◆ About this exercise
Your task is to give the listing below back word for word, pictures excluded.

◆ Source material
Start of Block
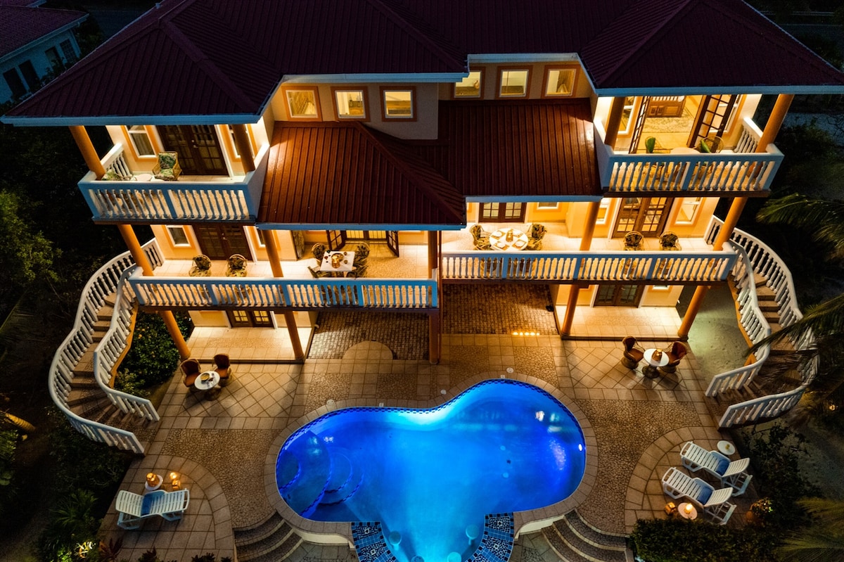 ¡TARIFAS mensuales de temporada BAJA! Totalmente abastecido. ¡Reseñas Rave! ¡Esta casa de playa de estilo encantador está orientada a una pareja romántica y llena de características adicionales! Respaldo solar. Diseñado con techos altos, maderas exóticas, obras de arte, paquete de iluminación de alta gama y muebles artesanales locales. Una sensación de cabaña de playa, frente al OCÉANO/LAGUNA en su propio canal con magníficas puestas de sol, aves, mariposas. Grandes puertas correderas que nunca bloquean 180 vistas del océano Caribe y la laguna, saltando rayas. Las brisas DISFRUTAN
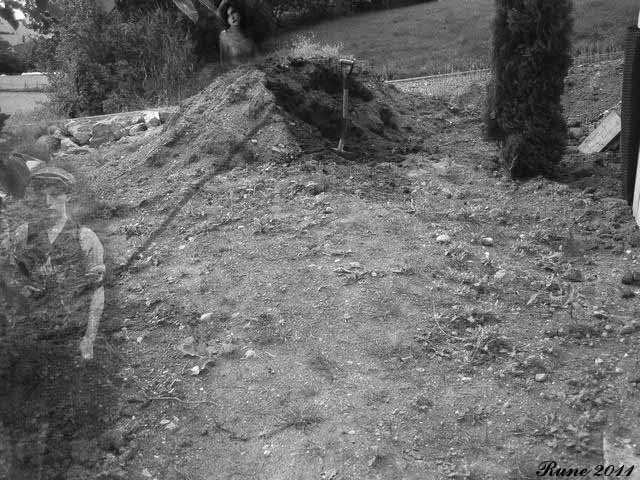 Hun knelte, og jeg kom henne ganske nær, men kunne ikke røre ved henne, og da jeg knelte ved siden av henne så jeg og over på en lav avlang, oppspadd jordhaug.
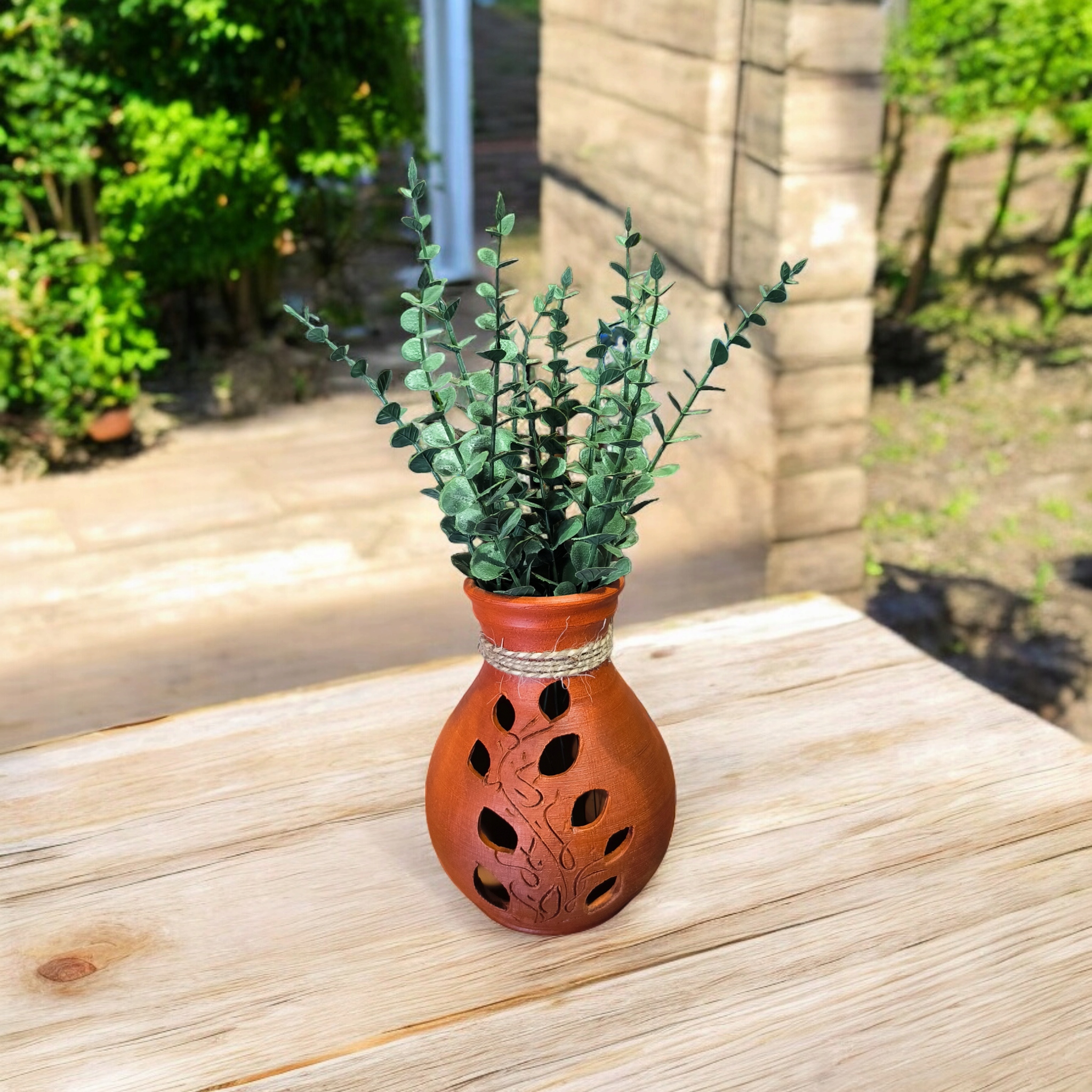 Ваза выполнена в кирпичном цвете, что придает ей естественный и деревенский вид. Благодаря ручной работе каждое изделие имеет свой уникальный характер, а тщательная обработка обеспечивает долговечность и элегантность. Дополнительный акцент – стильный шнурок, обвивающий горлышко вазы, что придает ей еще больше шарма.
End of Block
◆ Finished exercise
 ¡TARIFAS mensuales de temporada BAJA! Totalmente abastecido. ¡Reseñas Rave! ¡Esta casa de playa de estilo encantador está orientada a una pareja romántica y llena de características adicionales! Respaldo solar. Diseñado con techos altos, maderas exóticas, obras de arte, paquete de iluminación de alta gama y muebles artesanales locales. Una sensación de cabaña de playa, frente al OCÉANO/LAGUNA en su propio canal con magníficas puestas de sol, aves, mariposas. Grandes puertas correderas que nunca bloquean 180 vistas del océano Caribe y la laguna, saltando rayas. Las brisas DISFRUTAN
 Hun knelte, og jeg kom henne ganske nær, men kunne ikke røre ved henne, og da jeg knelte ved siden av henne så jeg og over på en lav avlang, oppspadd jordhaug.
 Ваза выполнена в кирпичном цвете, что придает ей естественный и деревенский вид. Благодаря ручной работе каждое изделие имеет свой уникальный характер, а тщательная обработка обеспечивает долговечность и элегантность. Дополнительный акцент – стильный шнурок, обвивающий горлышко вазы, что придает ей еще больше шарма.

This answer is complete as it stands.